#### WORK REQUEST
With the pictures left out, output the records below exactly.

------

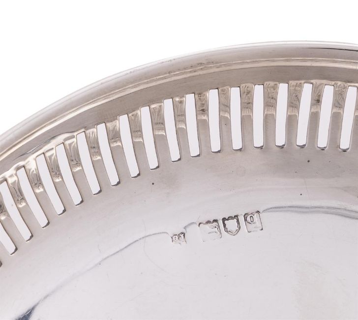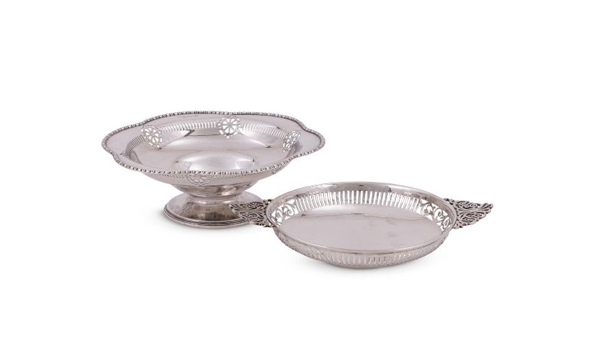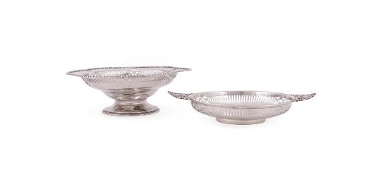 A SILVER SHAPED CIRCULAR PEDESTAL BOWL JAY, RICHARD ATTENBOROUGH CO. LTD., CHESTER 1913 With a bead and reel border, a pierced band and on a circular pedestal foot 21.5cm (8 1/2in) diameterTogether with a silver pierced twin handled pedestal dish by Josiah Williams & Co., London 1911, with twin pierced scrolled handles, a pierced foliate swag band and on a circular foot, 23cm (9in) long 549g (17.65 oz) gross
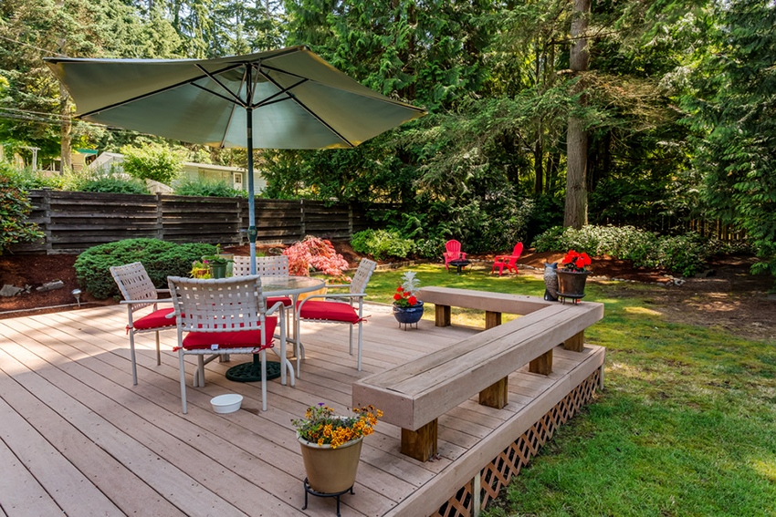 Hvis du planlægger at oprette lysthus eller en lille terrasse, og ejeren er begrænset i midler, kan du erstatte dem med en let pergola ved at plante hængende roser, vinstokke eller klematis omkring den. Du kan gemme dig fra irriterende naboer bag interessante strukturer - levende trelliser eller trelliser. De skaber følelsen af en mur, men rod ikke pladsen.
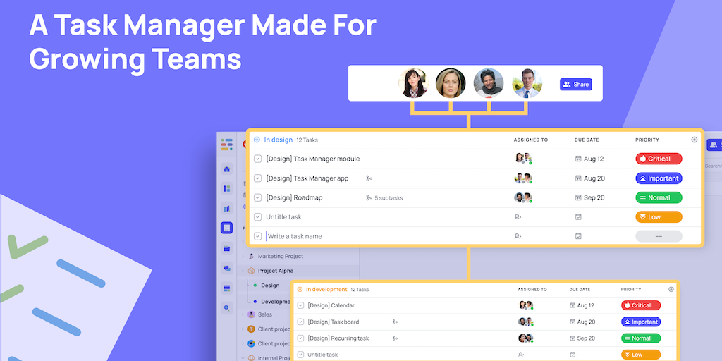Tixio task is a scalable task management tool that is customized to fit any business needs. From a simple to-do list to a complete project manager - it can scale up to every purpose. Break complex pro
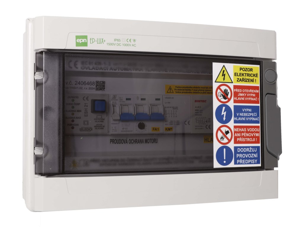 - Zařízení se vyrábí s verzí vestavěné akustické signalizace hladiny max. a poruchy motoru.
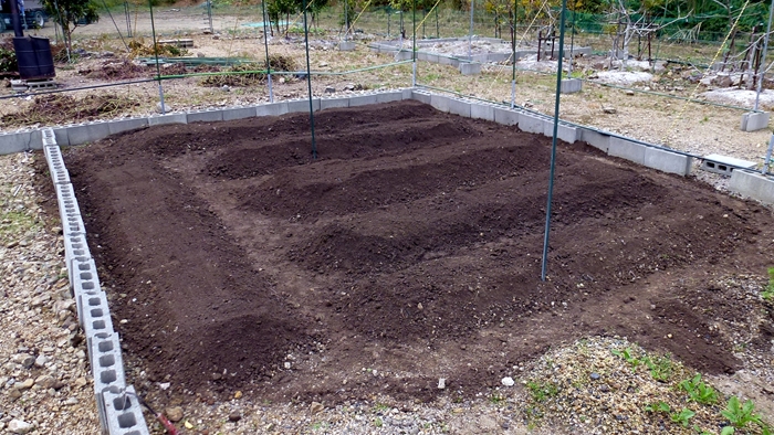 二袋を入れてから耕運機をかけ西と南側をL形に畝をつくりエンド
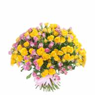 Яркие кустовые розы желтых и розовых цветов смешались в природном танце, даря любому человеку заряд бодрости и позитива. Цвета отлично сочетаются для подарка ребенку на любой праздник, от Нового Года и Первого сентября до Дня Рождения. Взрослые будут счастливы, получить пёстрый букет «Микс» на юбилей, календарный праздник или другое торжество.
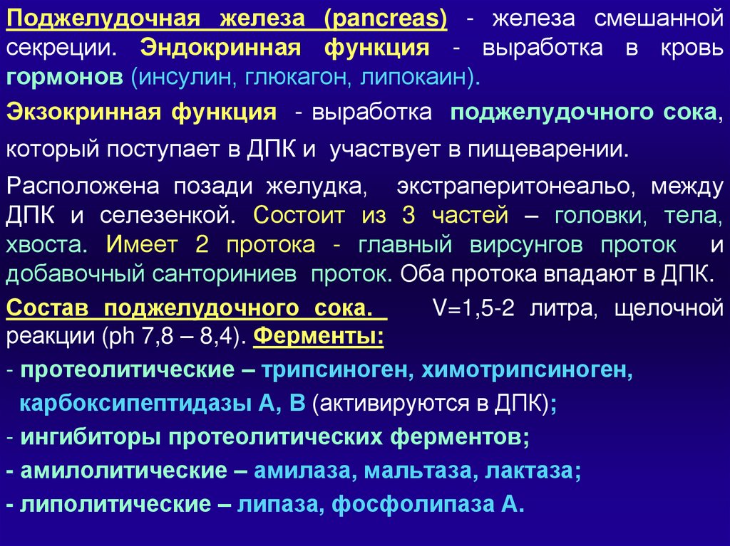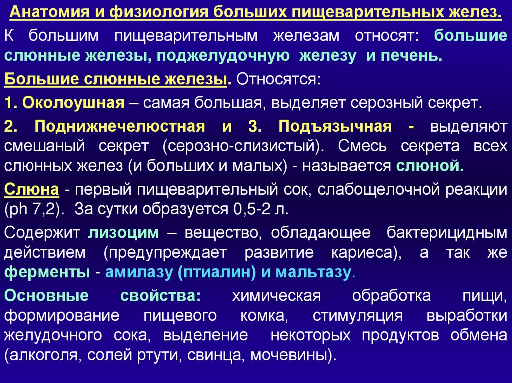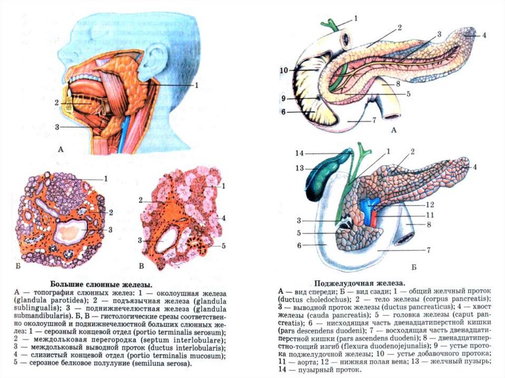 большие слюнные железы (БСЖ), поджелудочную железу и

------

#### ANSWER SPACE
 A SILVER SHAPED CIRCULAR PEDESTAL BOWL JAY, RICHARD ATTENBOROUGH CO. LTD., CHESTER 1913 With a bead and reel border, a pierced band and on a circular pedestal foot 21.5cm (8 1/2in) diameterTogether with a silver pierced twin handled pedestal dish by Josiah Williams & Co., London 1911, with twin pierced scrolled handles, a pierced foliate swag band and on a circular foot, 23cm (9in) long 549g (17.65 oz) gross
 Hvis du planlægger at oprette lysthus eller en lille terrasse, og ejeren er begrænset i midler, kan du erstatte dem med en let pergola ved at plante hængende roser, vinstokke eller klematis omkring den. Du kan gemme dig fra irriterende naboer bag interessante strukturer - levende trelliser eller trelliser. De skaber følelsen af en mur, men rod ikke pladsen.
Tixio task is a scalable task management tool that is customized to fit any business needs. From a simple to-do list to a complete project manager - it can scale up to every purpose. Break complex pro
 - Zařízení se vyrábí s verzí vestavěné akustické signalizace hladiny max. a poruchy motoru.
 二袋を入れてから耕運機をかけ西と南側をL形に畝をつくりエンド
 Яркие кустовые розы желтых и розовых цветов смешались в природном танце, даря любому человеку заряд бодрости и позитива. Цвета отлично сочетаются для подарка ребенку на любой праздник, от Нового Года и Первого сентября до Дня Рождения. Взрослые будут счастливы, получить пёстрый букет «Микс» на юбилей, календарный праздник или другое торжество.
 большие слюнные железы (БСЖ), поджелудочную железу и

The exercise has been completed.